A few months ago, Paul announced the availability of a data set containing scores per player per round, going back to KECKLE. Exploring that data had been on my to-do list for a while, but it wasn’t until this week that I was able to carve out some time to
dig into it.
I am having some fun exploring various statistics based just on the scores, but one of the things Paul said the data could not do (on its own, at least) was evaluate the words themselves. Well, if you join it together with the used words list, you absolutely
can evaluate the words!
One statistic of interest is around word length.
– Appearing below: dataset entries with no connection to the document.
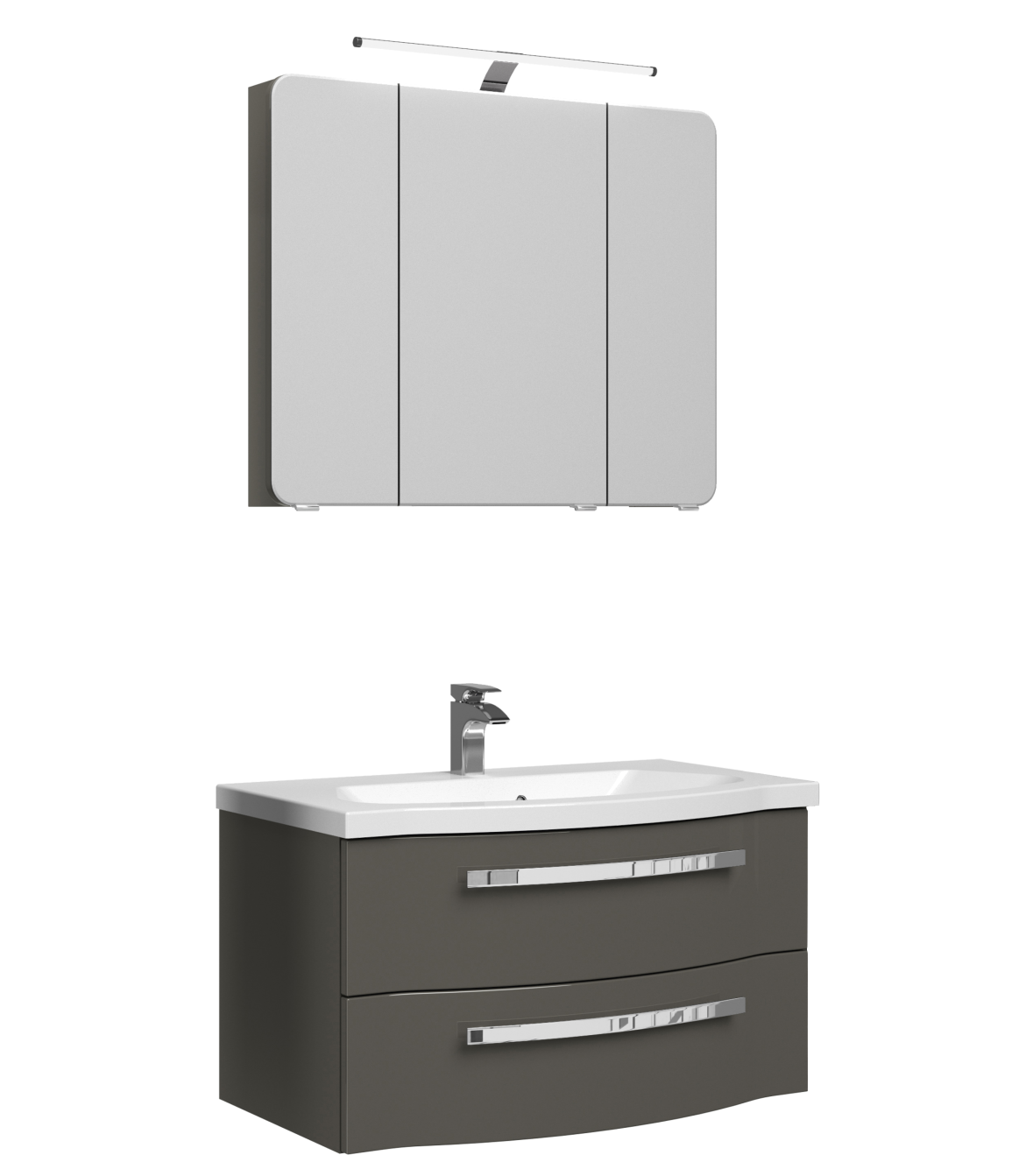 Alle Badmöbel des Sets sind in Lack Steingrau Hochglanz oder Lack Weiß Hochglanz erhältlich und den angebotenen Beistellschränken kombinierbar.
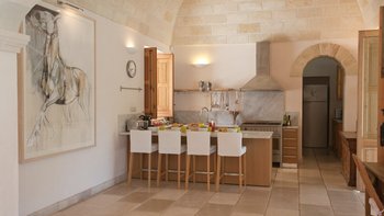 Masseria Ferrantino ist nur eine kurze Autofahrt von Geschäften und einer großartigen Bäckerei in Carpignano entfernt, und preiswerte, familienfreundliche Restaurants gibt es auch in Carpignano und in und um andere Dörfer. In vielen Dörfern finden stimmungsvolle Food-Festivals und Konzerte statt. Schön Sandstrände wie Alimini und Torre dell’Orso mit Strandclubs sind leicht mit dem Auto erreichbar und man kann surfen, kitesurfen, SUP, Kajak fahren. Während der Saison können Tagesausflüge auf Yachten von Otranto aus unternommen werden. Auch Radfahren ist sehr beliebt und Fahrräder (bei Bedarf mit Führern) können gemietet werden. Salento, diese Gegend im Süden Apuliens, ist ein unberührter Teil Südeuropas mit schönen Städten, Dörfern und hervorragenden Restaurants. Zu den interessanten Halbtagesausflügen gehört der Besuch der malerischen Altstadt und der Strände von Otranto und Gallipoli und der prächtigen Barockstadt und der gehobenen Einkaufsmöglichkeiten von Lecce. Zu den umfangreichen Neuerungen der letzten Zeit gehören eine Loggia mit Außensofas, Fitnessgeräten und Freiluftkino, ein eingebauter Grill mit angrenzendem Küchengarten und eine klimatisierte Gartensuite.
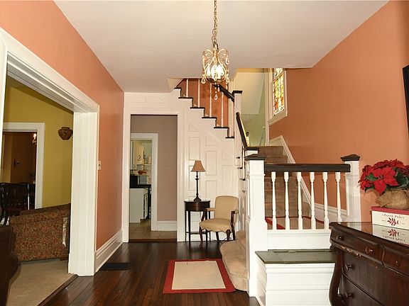 This charming all-brick Colonial, 5 beds 2.5 baths, sits nestled on Bellevue’s most sought-after streets. The home boasts a columned front porch that welcomes you into a classic interior with expansive living areas and high ceilings. The entry foyer has original gleaming hardwood floors with a spacious living room to the left followed by an expansive dining room. The kitchen is highly functional with a high ceiling and modern appliances and is anchored by a smartly updated first-floor powder room/laundry room. Beautiful stained-glass window greets you on the stairs to the 2nd fl. Once on the 2nd fl, you will find the beautifully redesigned and oversized primary suite, along with 2 additional bedrooms and full bathroom. One of the additional two bedrooms has a private balcony to enjoy some quiet time. The 3rd fl has 2 more bedrooms with an updated full bathroom with a heated floor. This meticulously maintained and well-loved home was further enhanced with the addition of central air.
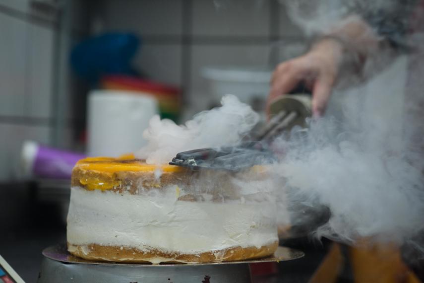 Con cerca de tres pisos, rellena de chocolate y nata, Juan José coge una espátula y echa unos buenos pegotes de yema pastelera. "Es una máquina. Aquí es el brazo ejecutor", expresa Juan Carlos Ibáñez, el dueño de Berlín Café (Avenida José Manuel Caballero Bonald), mientras su compañero coge una plancha caliente para darle el toque tostado a la tarta San Marcos. Ibáñez es toda una institución en el mundo repostero y uno de los pocos maestros chocolateros de la provincia. En agosto de este año su bebé, su primera cafetería pastelería, cumplirá cuatro años desde que abrió sus puertas por primera vez el 2 de agosto de 2013. No obstante, este jerezano no ha dejado de endulzar estómagos desde que dejó el colegio con tan solo 13 años para aprender el arte de la pastelería en el negocio familiar.

Some dealers like short words.
round dealer word word_length
3214 Shani Naylor E 1
408 Froma Bessel OY 2
838 Russ Heimerson CA 2
892 Dave Cunningham QU 2
1164 Dave Cunningham ZA 2
1690 Chris Carson EA 2
2100 Chris Carson FY 2
3207 Shani Naylor OG 2
Some like long words.
round dealer word word_length
2906 Judy Madnick EELLOGOFUSCIOUHIPOPPOKUNURIOUS 30
175 Steve Dixon FLOCCINAUCINIHILIPILIFICATION 29
3013 Debbie Embler PRISENCOLINENSINAINCIUSOL 25
23 R.H. Ingalls MOTHER CAREY'S CHICKENS 23
2817 Mike Shefler NINA WITH HER HAIR DOWN 23
6 Joshua Poulson HUMUHUMUNUKUNUKUAPUAA 21
1336 Dan Widdis BAD-I-SAD-O-BIST-ROZ 20
2583 Mike Shefler KAWAIOLAONAPUKANILEO 20
3096 Shani Naylor CHITTERIE-CHATTERIE 19
2875 Dan Widdis CROOCHIE-PROOCHLES 18
But most words are in the middle. It does seem that there’s a bit of a “shorter is better” effect once we get to 5 letters or more (The “Guessability” measure is the percentage of players who voted correctly.)
But do certain dealers favor shorter or longer words? It seems we do, and dealers who pick mostly long or mostly short words don’t do as well as those who pick in the 7-8 letter range….
I’m still exploring a few other relationships.
-
The fewer unique letters in a word, the better.
-
Uniqueness ratio favors a medium ground between low uniqueness (50% unique letters like BANANA and all unique letters like FLIGHT aren’t as good as a mix)
-
Words that score lower in scrabble are harder to guess than the ones with Q’s, Z’s, J’s, etc.
-
Entropy is similar to unique letters but also includes the distribution of the letters
-
Not really an obvious relationship for rare letters (compared to word frequency in the dictionary)
Anyway, I tried to use at least some of this information in selecting this round’s word. Let’s see how well It works.